Deploying a TensorFlow App

Introduction

TensorFlow Serving is a flexible, high-performance serving system for machine learning models. Deploying TensorFlow Serving with a Dockerfile on Klutch.sh provides reproducible builds, managed secrets, and persistent storage for your SavedModels—all configured from klutch.sh/app. This guide covers installation, Dockerfile setup, environment variables, storage, Nixpacks overrides, and sample inference calls.

Prerequisites

Klutch.sh account (sign up)
GitHub repository containing your Dockerfile and model assets (GitHub is the only supported git source)
A SavedModel directory for the model you want to serve

Architecture and ports

TensorFlow Serving exposes REST on internal port 8501 (and gRPC on 8500, but only one port is supported per app in this guide). Choose HTTP traffic and set the internal port to 8501.
Persistent storage is recommended for models; attach a volume to mount SavedModels at runtime.

Repository layout

tensorflow-serving/
├── Dockerfile              # Must be at repo root for auto-detection
├── models/my_model/        # SavedModel directory (versioned: 1/)
└── README.md

Keep secrets out of Git; store them in Klutch.sh environment variables.

Installation (local) and starter commands

Build and run locally (serving a sample model):

docker build -t tfserving-local .
docker run -p 8501:8501 \
  -e MODEL_NAME=my_model \
  tfserving-local

Dockerfile for TensorFlow Serving (production-ready)

Place this at the repo root; Klutch.sh auto-detects Dockerfiles.

FROM tensorflow/serving:latest

ENV MODEL_NAME=my_model
ENV MODEL_BASE_PATH=/models

COPY models /models

EXPOSE 8501
CMD ["tensorflow_model_server", "--rest_api_port=8501", "--model_name=${MODEL_NAME}", "--model_base_path=${MODEL_BASE_PATH}/${MODEL_NAME}"]

Notes:

Pin to a specific tag (e.g., tensorflow/serving:2.14.1) for stability.
REST is exposed on 8501; gRPC (8500) is not used here to align with single-port routing.

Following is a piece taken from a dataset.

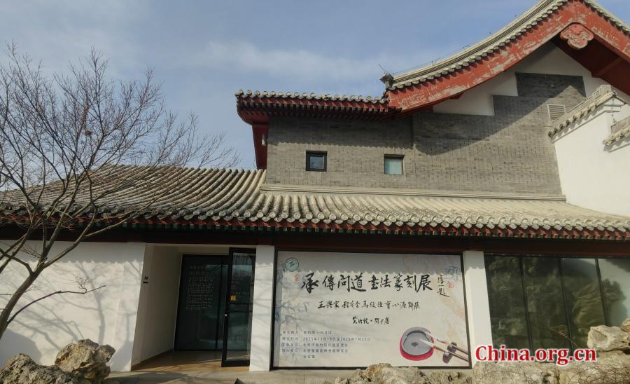 The entrance to a calligraphy and seal carving exhibition at Zizhuyuan Park in Beijing, Dec. 26, 2025. [Photo by Liu Sitong/China.org.cn]
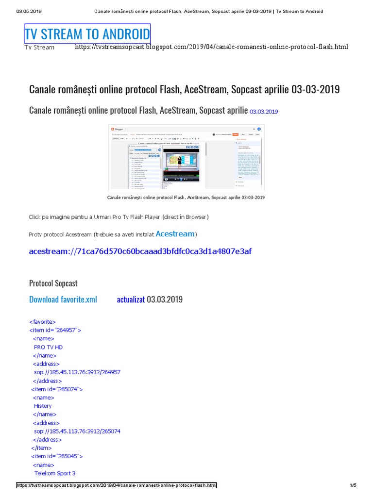 Canale Romanești Online Protocol Flash Acestream Sopcast 2019

Environment variables (Klutch.sh)

Set these before deploying:

PORT=8501
MODEL_NAME=my_model
MODEL_BASE_PATH=/models

If deploying without the Dockerfile and relying on Nixpacks:

NIXPACKS_START_CMD=tensorflow_model_server --rest_api_port=8501 --model_name=$MODEL_NAME --model_base_path=$MODEL_BASE_PATH/$MODEL_NAME

Attach persistent volumes

Add storage in Klutch.sh (path and size only):

/models — SavedModel directories (versioned).

Ensure the path is writable inside the container.

Deploy TensorFlow Serving on Klutch.sh (Dockerfile workflow)

Push your repository—with the Dockerfile and models/ directory at the root—to GitHub.
Open klutch.sh/app, create a project, and add an app.
Select HTTP traffic and set the internal port to 8501.
Add the environment variables above (model name/base path) and any app-specific secrets.
Attach a volume at /models sized for your SavedModels.
Deploy. Your REST endpoint will be reachable at https://example-app.klutch.sh/v1/models/:predict.

Sample inference request

curl -X POST https://example-app.klutch.sh/v1/models/my_model:predict \
  -H "Content-Type: application/json" \
  -d '{"instances": [[1.0, 2.0, 5.0]]}'

Health checks and production tips

Add an HTTP readiness probe to /v1/models/${MODEL_NAME} for basic status.
Pin image versions and test upgrades in staging before production rollout.
Monitor /models volume usage; resize proactively as you add versions.
Keep large models in object storage and sync them into /models during build or startup if needed.

TensorFlow Serving on Klutch.sh delivers reproducible Docker builds, managed secrets, and persistent model storage—without extra YAML or CI steps. Configure ports, env vars, and storage, then start serving predictions.